Our officers, directors, security holders and their respective affiliates may have competitive pecuniary interests that conflict with our interests.
We have not adopted a policy that expressly prohibits our directors, officers, security holders or affiliates from having a direct or indirect pecuniary or financial interest in any investment to be acquired or disposed of by us or in any transaction to which we are a party or have an interest. In fact, we may enter into a business combination with a target business that is affiliated with our sponsor, our directors or officers, although we do not intend to do so. Nor do we have a policy that expressly prohibits any such persons from engaging for their own account in business activities of the types conducted by us. Accordingly, such persons or entities may have a conflict between their interests and ours.
In particular, affiliates of our sponsor have invested in a diverse set of industries. As a result, there may be substantial overlap between companies that would be a suitable business combination for us and companies that would make an attractive target for such other affiliates.
In addition, members of our management team and our Board of Directors will directly or indirectly own founder shares and/or private placement units following our initial public offering, as set forth in “Principal Shareholders,” and, accordingly, may have a conflict of interest in determining whether a particular target business is an appropriate business with which to effectuate our initial business combination.
We may engage in a business combination with one or more target businesses that have relationships with entities that may be affiliated with our sponsor, officers, directors or existing holders which may raise potential conflicts of interest.
In light of the involvement of our sponsor, officers and directors with other entities, we may decide to acquire one or more businesses affiliated with our sponsor, officers and directors.
Our sponsor, officers and directors are not currently aware of any specific opportunities for us to complete our initial business combination with any entities with which they are affiliated. Although we will not be specifically focusing on, or targeting, any transaction with any affiliated entities, we would pursue such a transaction if we determined that such affiliated entity met our criteria for a business combination. Despite our agreement that we, or a committee of independent and disinterested directors, will obtain an opinion from an independent investment banking firm that is a member of FINRA or from an independent accounting firm, regarding the fairness to our company from a financial point of view of a business combination with one or more domestic or international businesses affiliated with our sponsor, directors or officers, potential conflicts of interest still may exist and, as a result, the terms of the business combination may not be as advantageous to our public shareholders as they would be absent any conflicts of interest.
Members of our management team and board of directors have significant experience as founders, board members, officers or executives of other companies. As a result, certain of those persons have been, or may become, involved in proceedings, investigations and litigation relating to the business affairs of the companies with which they were, are, or may be in the future be, affiliated. These activities may have an adverse effect on us, which may impede our ability to consummate an initial business combination.
During the course of their careers, members of our management team and board of directors have had significant experience as founders, board members, officers, executives or employees of other companies. As a result of their involvement and positions in these companies, certain of those persons have been, may be or may in the future become involved in litigation, investigations or other proceedings, including relating to the business affairs of such companies, transactions entered into by such companies, or otherwise.

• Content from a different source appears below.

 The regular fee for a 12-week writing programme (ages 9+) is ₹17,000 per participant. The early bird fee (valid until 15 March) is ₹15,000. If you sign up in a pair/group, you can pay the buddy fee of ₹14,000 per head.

Individual members of our management team and board of directors also may become involved in litigation, investigations or other proceedings involving claims or allegations related to or as a result of their personal conduct, either in their capacity as a corporate officer or director or otherwise, and may be personally named in such actions and potentially subject to personal liability. Any such liability may or may not be covered by insurance and/or indemnification, depending on the facts and circumstances. The defense or prosecution of these matters could be time-consuming. Any litigation, investigations or other proceedings and the potential outcomes of such actions may divert the attention and resources of our management team and board of directors away from identifying and selecting a target business or businesses for our initial business combination and may negatively affect our reputation, which may impede our ability to complete an initial business combination.

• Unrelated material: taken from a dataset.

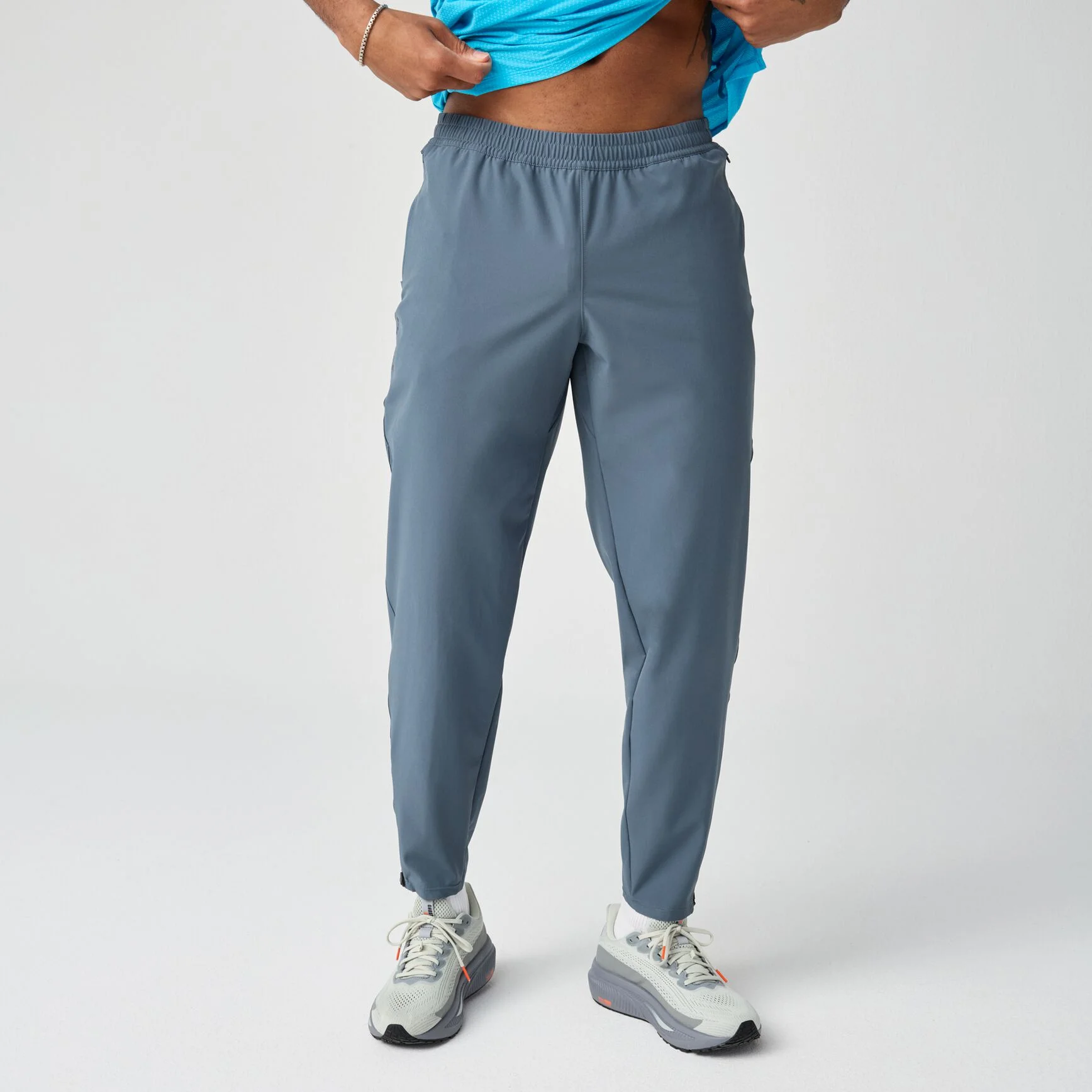 Have no fear in windy, rainy weather with our men's water-resistant pants. Featuring 4-way stretch fabric for unrestricted movement as you take on the elements. Best for: Light rain, Windy conditions, Layering, Warm ups and cool downs Fit: Semi Fitted Follows the shape of your body, with some breathing room for unrestricted movement. Features: Water resistant, Regular: 29" inseam, Tall: 31" inseam, Ankle zippers, Four-way stretch fabric, Elastic waistband and internal drawcord Recycled fabric level: 5.2 % Recycled materials

Since our sponsor, officers and directors and any other holder of our founder shares will lose their entire investment in us if our initial business combination is not completed (other than with respect to any public shares they may acquired during or after our initial public offering), and because our sponsor, officers and directors and any other holder of our founder shares, directly or indirectly may profit substantially from a business combination as a result of their ownership of founder shares even under circumstances where our public shareholders would experience losses in connection with their investment, a conflict of interest may arise in determining whether a particular business combination target is appropriate for our initial business combination, including in connection with the shareholder vote in respect thereto.
Our initial shareholders collectively beneficially own 7,165,950 founder shares, which represents 25% of our issued and outstanding ordinary shares. The founder shares may be worthless if we do not complete an initial business combination.
In addition, our sponsor purchased 425,000 private placement units for a purchase price of $4.25 million in a private placement that occurred simultaneously with the closing of our initial public offering. There will be no redemption rights or liquidating distributions from the trust account with respect to the founder shares, private placement shares or private placement warrants, which may become worthless if we do not consummate a business combination by December 24, 2027.
Given the differential in the purchase price paid for the founder shares as compared to the initial public offering price of the public shares and the substantial number of Class A ordinary shares that holders of our founder shares would receive upon conversion of the founder shares upon a business combination, the founder shares may have significant value after the business combination even if our Class A ordinary shares trade below the initial public offering price and holders of our public shares have a substantial loss on their investment. Our initial shareholders have agreed (A) to vote any shares owned by them in favor of any proposed business combination and (B) not to redeem any founder shares in connection with a shareholder vote to approve a proposed initial business combination. In addition, we may obtain loans from our sponsor, any of their respective affiliates or certain of our directors and officers.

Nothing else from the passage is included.